What is expected: Using the entries below, restate word for word only the lines from the one with "英語で各部位の名称が記載され" to the final line, leaving the pictures out.

=== Begin Enclosure ===

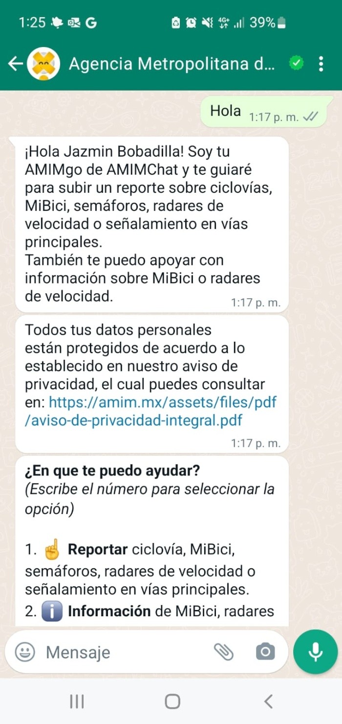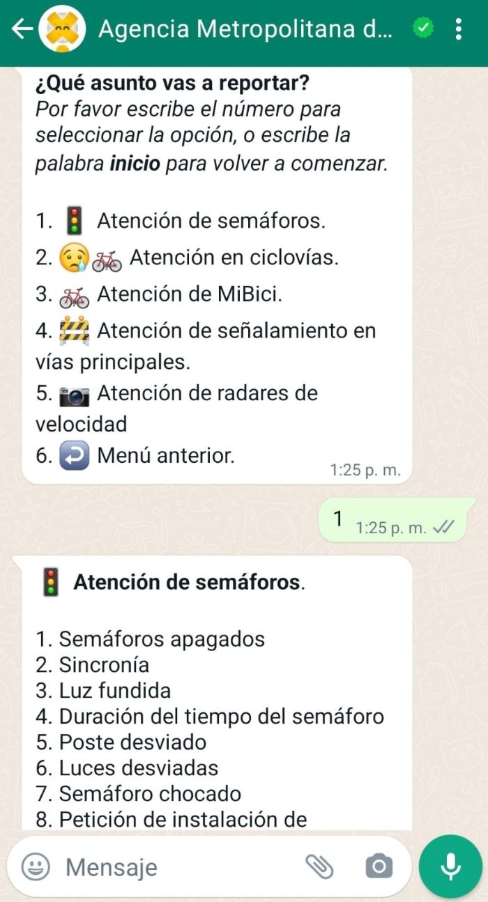 Un nuevo canal de comunicación se suma a la atención ciudadana de la Agencia Metropolitana de Servicios de Infraestructura para la Movilidad en el AMG (AMIM) para realizar reportes ciudadanos sobre fallas en la infraestructura o señalamientos relacionados con la movilidad de la ciudad.Ahora, las y los ciudadanos podrán hacerlo mediante la aplicación de mensajería instantánea de WhatsApp, donde se podrán levantar reportes sobre semáforos descompuestos o descoordinados, señalamientos en mal estado, fallas del Programa de Bicicletas Públicas MiBici, o en ciclovías. “La AMIM se suma a las dependencias que buscan una innovación y automatización en la atención a los reportes ciudadanos. Desde cualquier teléfono móvil que tenga la aplicación de WhatsApp se podrá acceder al nuevo chat “AMIMgo” para hacer un reporte y dar seguimiento personalizado, además de chatear directamente con personal encargado de dar una atención directa”, dio a conocer este lunes la dependencia estatal. El ChatBot ya está disponible en WhatsApp, se puede ingresar dando clic en la opción “nuevo chat”, seleccionar “empresas” y buscar el perfil de la Agencia Metropolitana. Ahí la primera opción es el ChatBOT de la AMIM, pero también se puede agregar como contacto en el número 33-15-14-56-14 o de forma más sencilla en el siguiente enlace: https://wa.me/5213315145614 “AMIMgo” es el asistente virtual que guiará paso a paso para levantar un reporte y dar un seguimiento al mismo. Según dijo la AMIM, la respuesta a cada reporte será inmediata y los usuarios tendrán un número de folio para dar seguimiento a sus reportes, accediendo a la página https://chat.amim.mx para consultar el estatus de los mismos con su folio correspondiente. De acuerdo al Estudio sobre los hábitos de personas usuarias de internet en México 2022, de la Asociación de Internet en México, el smartphone es el principal punto de acceso a internet y WhatsApp es la plataforma con mayor conocimiento y uso para una comunicación inmediata. Sin embargo, esta no es la única vía para hacer los reportes ciudadanos relacionados con la infraestructura destinada a la movilidad de la ciudad. Además de este nuevo chat se seguirán recibiendo los reportes en las redes sociales de la AMIM @AgenciaAMIM y en los teléfonos en cabina de semáforos 33 38192400 y 3338192412. ¡Mantente informado! Sigue nuestras noticias y actualizaciones a través de nuestro canal oficial de WhatsApp FS
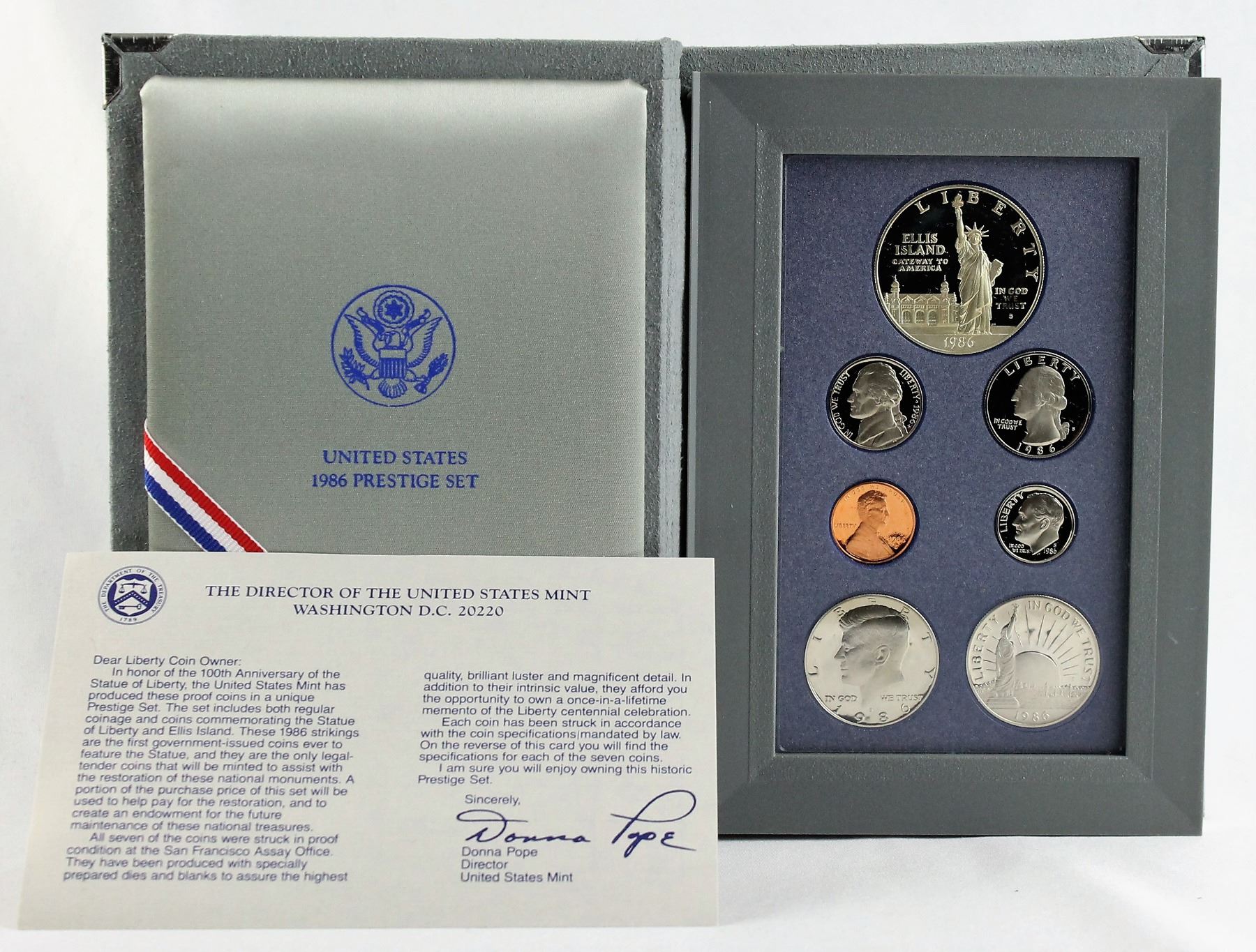 This wonderful seven-piece set includes all of the proof issue coins of 1986 as well as a commemorative Statue of Liberty proof half dollar and Silver dollar in the original U.S. Mint presentation case.
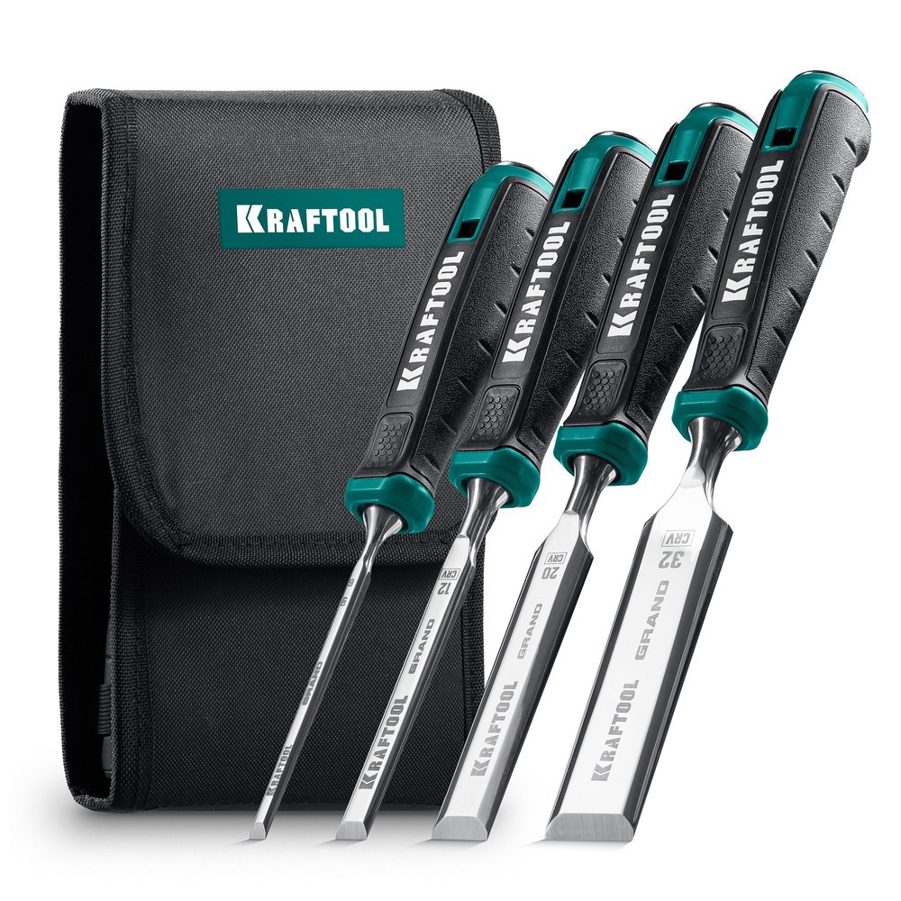 KRAFTOOL GRAND-4 набор стамесок-долот с двухкомпонентной рукояткой, 4 шт
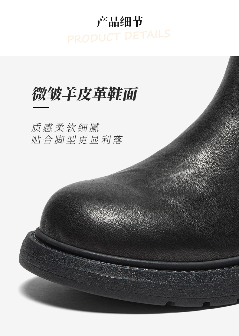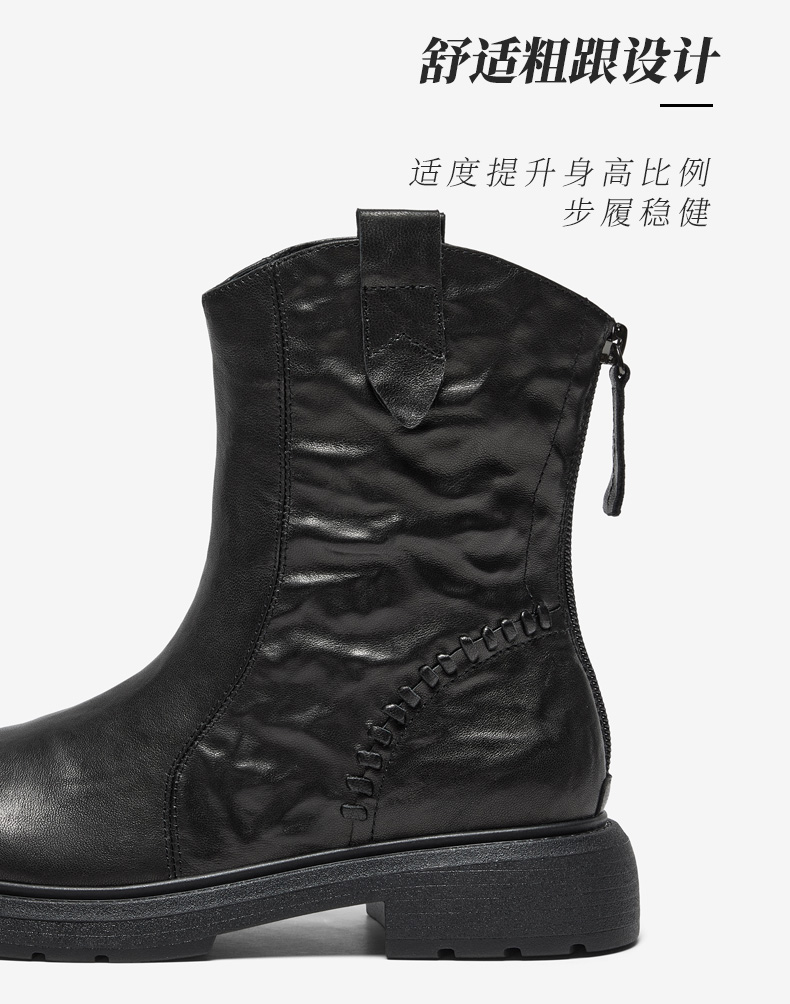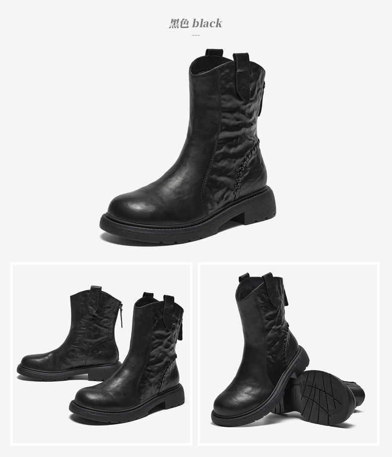 | 鞋底材质:橡胶底 | 靴筒内里材质:织物面料猪皮革 | 内增高:无 | 鞋面材质:羊皮革 | 闭合方式:后拉链 |
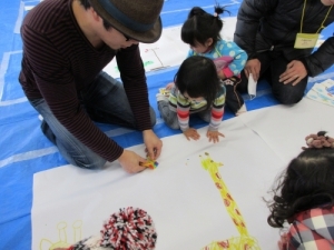 大きな模造紙に自由にお絵描きするコーナーでは、ふくだ先生の描いた絵を真似して一緒に楽しんで描く子ども達が多かったです。ふくだ先生も子ども達のお絵描きの輪に加わり、皆大喜び!
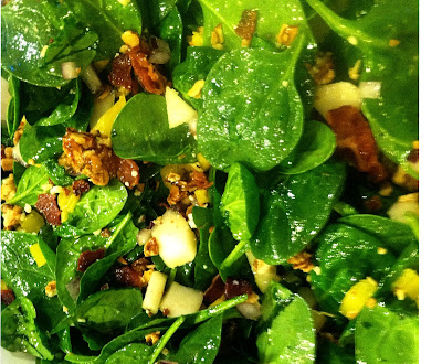 Spinach Salad with Pears, Bacon and Blue Cheese: This salad is a delicious hit every year. It the perfect fresh bite of fall. (can make everything ahead except the pears)
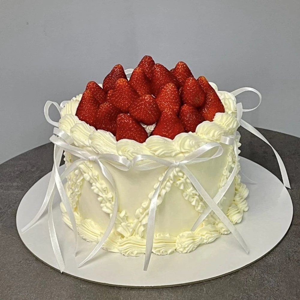 Торт для женщин #2842 с клубникой и бантиками, ламбет белый
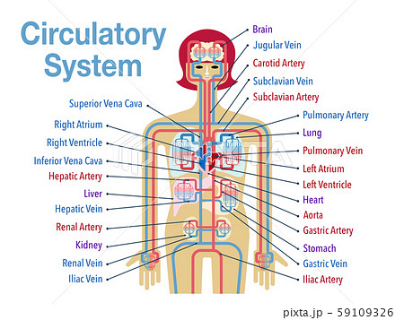 英語で各部位の名称が記載された循環器系のシンプルなイラストのイラスト素材59109326- PIXTA。
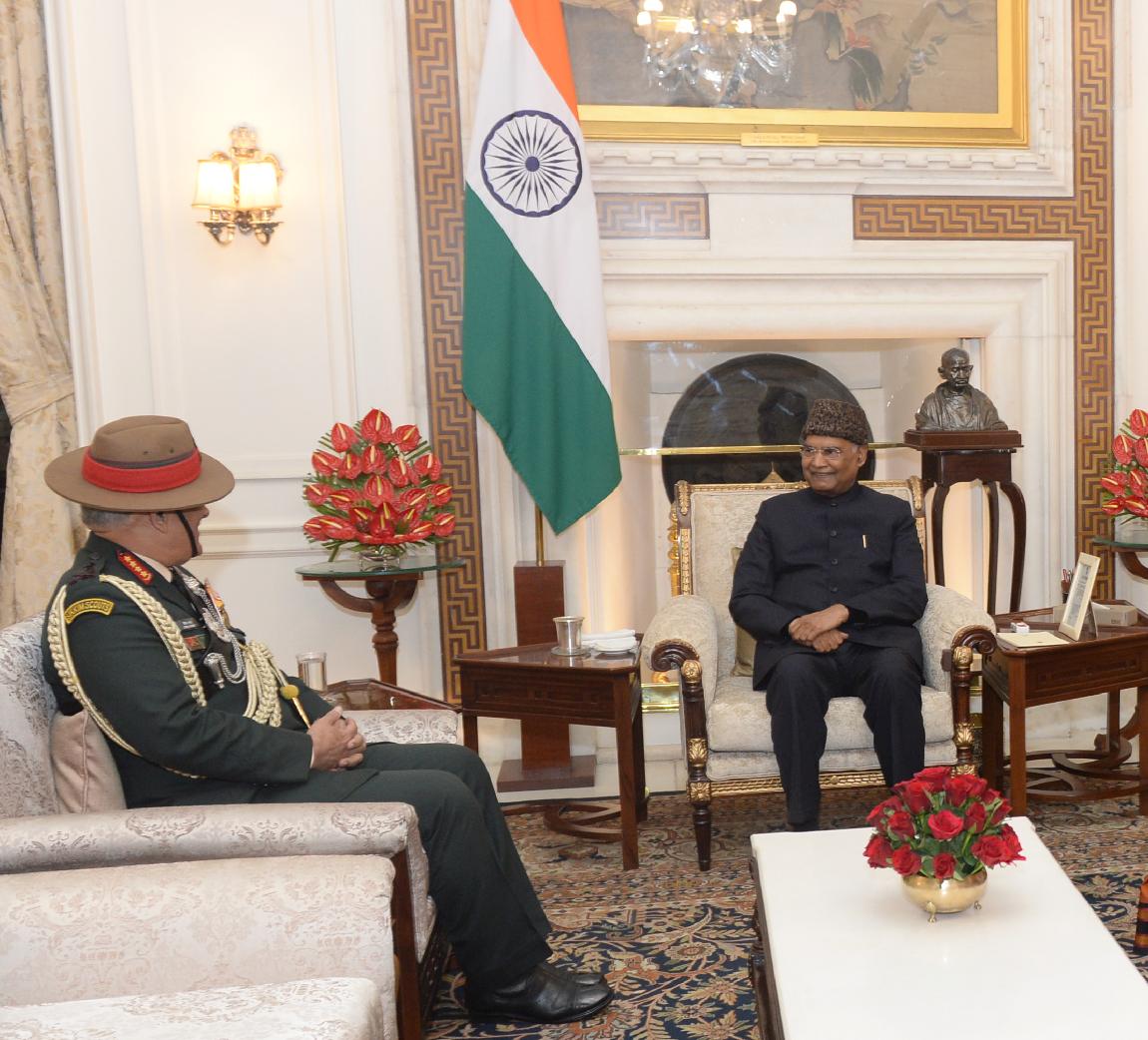 | Caption: | The Chief of Army Staff, General Bipin Rawat along with his wife Smt. Madhulika Rawat meeting with the President of India, Shri Ram Nath Kovind, at Rashtrapati Bhavan on December 30, 2019. |

=== End Enclosure ===

Output below:
 英語で各部位の名称が記載された循環器系のシンプルなイラストのイラスト素材59109326- PIXTA。
 | Caption: | The Chief of Army Staff, General Bipin Rawat along with his wife Smt. Madhulika Rawat meeting with the President of India, Shri Ram Nath Kovind, at Rashtrapati Bhavan on December 30, 2019. |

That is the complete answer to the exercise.